UN now aims for Yemen talks by end of the year

United Nations Yemen envoy Martin Griffiths is no longer aiming to convene the country’s warring parties for peace talks by the end of this month and will instead try to bring them together by the end of the year, a UN spokesman said yesterday. Griffiths, who is due to brief the Security Council on Nov 16, is trying to salvage peace talks that collapsed in September. He said in a statement last week that he hoped to bring the parties to the negotiating table within a month.
However, UN spokesman Farhan Haq said the goal now was for political consultations before the end of the year. A Saudi-led military coalition intervened in Yemen in 2015, backing government forces fighting the Iran-allied Houthi group. Iran has denied supplying weapons to the Houthis. The United States and Britain last week stepped up calls for an end to the nearly four-year war that has driven impoverished Yemen to the verge of famine, raising pressure on Saudi Arabia as it faces a global outcry over the murder of a prominent Saudi journalist in the Saudi consulate in Istanbul on Oct 2. “There’s always different challenges to bringing the parties together,” Haq told reporters. “What we’re trying to do is clear up any issues so that we can get a successful round of talks as soon as possible.”

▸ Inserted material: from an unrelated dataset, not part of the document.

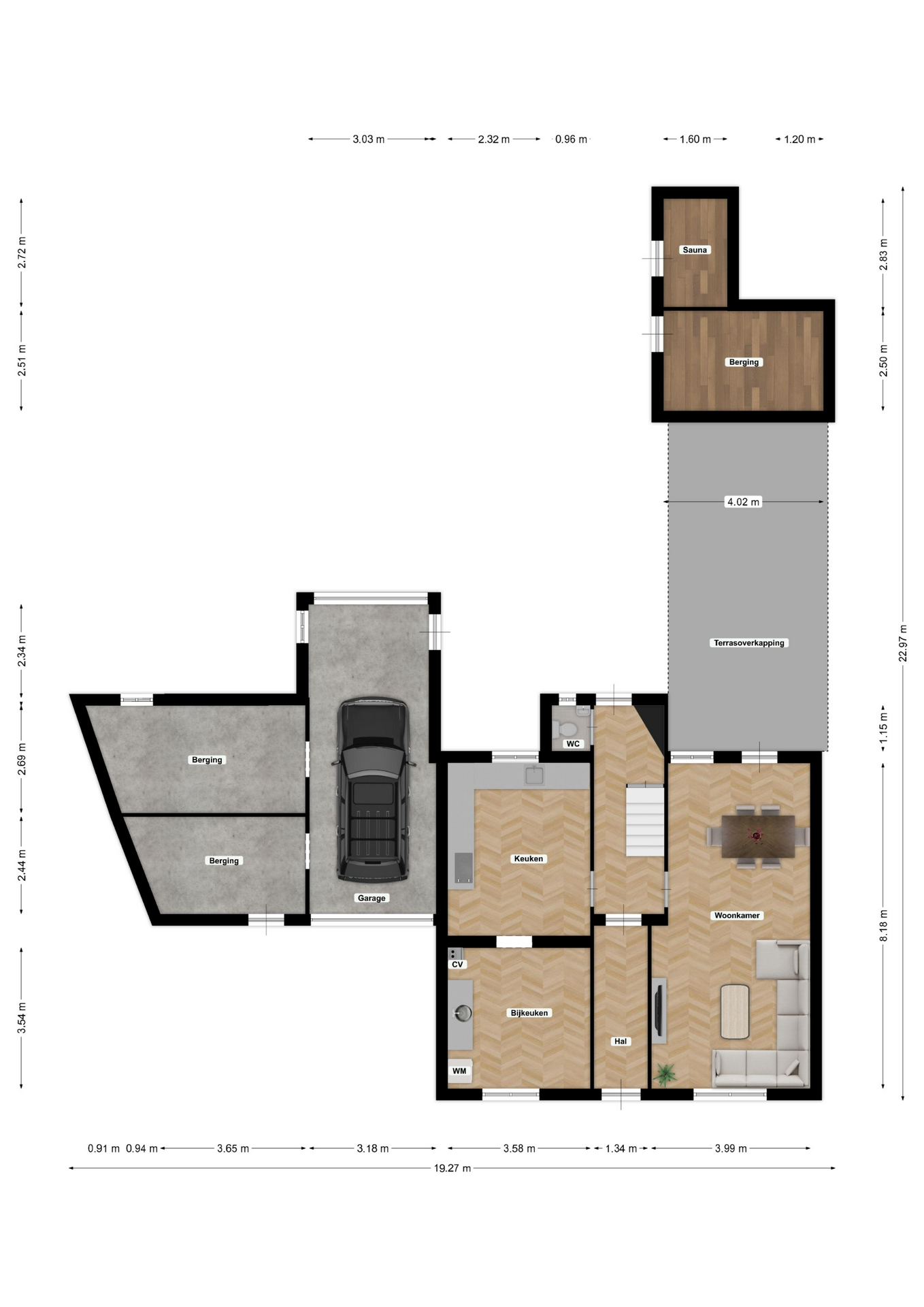 – Houtopslag achter de carport, ideaal voor de houtkachel;

An attempt to hold peace talks in Geneva in September was abandoned after three days of waiting for the Houthi delegation. The Houthis had said they wanted guarantees from the United Nations that their plane would not have to stop in Djibouti for inspection by the Saudi-led coalition. They also wanted the plane to evacuate some of their wounded to Oman or Europe.
British foreign minister Jeremy Hunt said on Monday he would push for new action at the UN Security Council to try to end hostilities in Yemen and find a political solution. UN diplomats, speaking on condition of anonymity, said Britain was working with the United States on a draft resolution to stop the fighting in Yemen.